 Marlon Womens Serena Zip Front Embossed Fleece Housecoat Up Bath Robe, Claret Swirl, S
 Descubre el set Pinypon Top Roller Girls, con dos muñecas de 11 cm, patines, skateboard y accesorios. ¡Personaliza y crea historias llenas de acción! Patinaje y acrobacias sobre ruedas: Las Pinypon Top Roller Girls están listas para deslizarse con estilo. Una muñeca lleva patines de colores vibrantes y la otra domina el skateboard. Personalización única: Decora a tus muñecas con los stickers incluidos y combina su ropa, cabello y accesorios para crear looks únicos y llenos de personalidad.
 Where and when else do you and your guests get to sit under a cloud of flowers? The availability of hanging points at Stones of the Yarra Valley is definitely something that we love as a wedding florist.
§ §
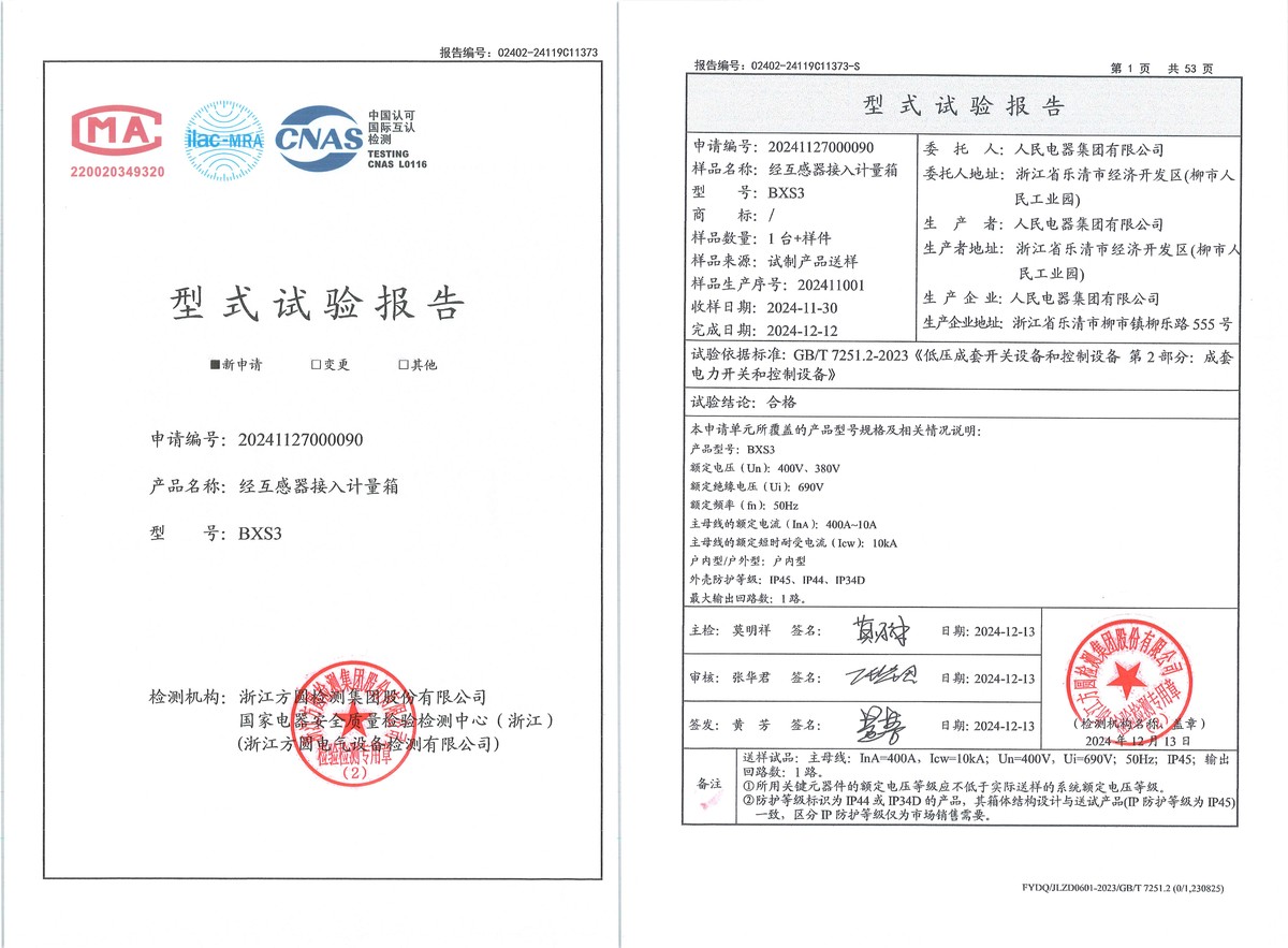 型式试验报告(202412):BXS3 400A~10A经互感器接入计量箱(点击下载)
§ §
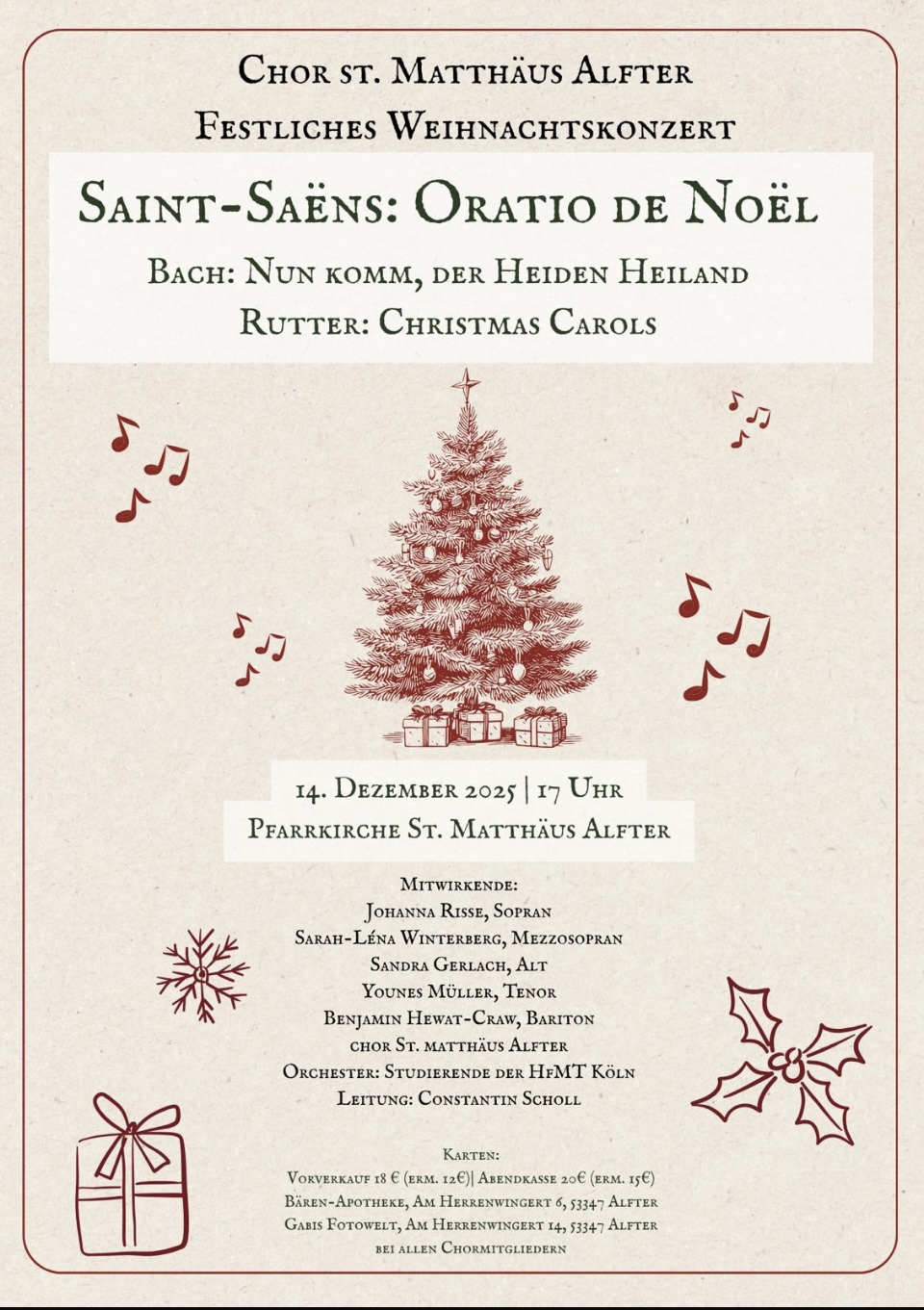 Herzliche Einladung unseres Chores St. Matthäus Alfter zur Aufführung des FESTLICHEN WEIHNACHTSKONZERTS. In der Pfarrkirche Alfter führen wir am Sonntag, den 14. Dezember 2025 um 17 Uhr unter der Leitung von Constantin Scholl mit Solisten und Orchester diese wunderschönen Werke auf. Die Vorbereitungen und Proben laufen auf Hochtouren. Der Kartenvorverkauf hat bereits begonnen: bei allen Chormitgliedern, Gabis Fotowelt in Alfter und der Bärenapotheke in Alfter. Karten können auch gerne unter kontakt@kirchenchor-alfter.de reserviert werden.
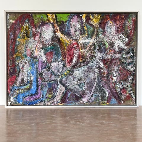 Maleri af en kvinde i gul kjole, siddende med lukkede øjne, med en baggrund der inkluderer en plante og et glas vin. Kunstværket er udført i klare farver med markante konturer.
§ §
What is being asked ▸
Retype, in the same exact form, the lines of the material above from the line holding "Marlon Womens Serena" through the line holding "Where and when".

Result ▸
 Marlon Womens Serena Zip Front Embossed Fleece Housecoat Up Bath Robe, Claret Swirl, S
 Descubre el set Pinypon Top Roller Girls, con dos muñecas de 11 cm, patines, skateboard y accesorios. ¡Personaliza y crea historias llenas de acción! Patinaje y acrobacias sobre ruedas: Las Pinypon Top Roller Girls están listas para deslizarse con estilo. Una muñeca lleva patines de colores vibrantes y la otra domina el skateboard. Personalización única: Decora a tus muñecas con los stickers incluidos y combina su ropa, cabello y accesorios para crear looks únicos y llenos de personalidad.
 Where and when else do you and your guests get to sit under a cloud of flowers? The availability of hanging points at Stones of the Yarra Valley is definitely something that we love as a wedding florist.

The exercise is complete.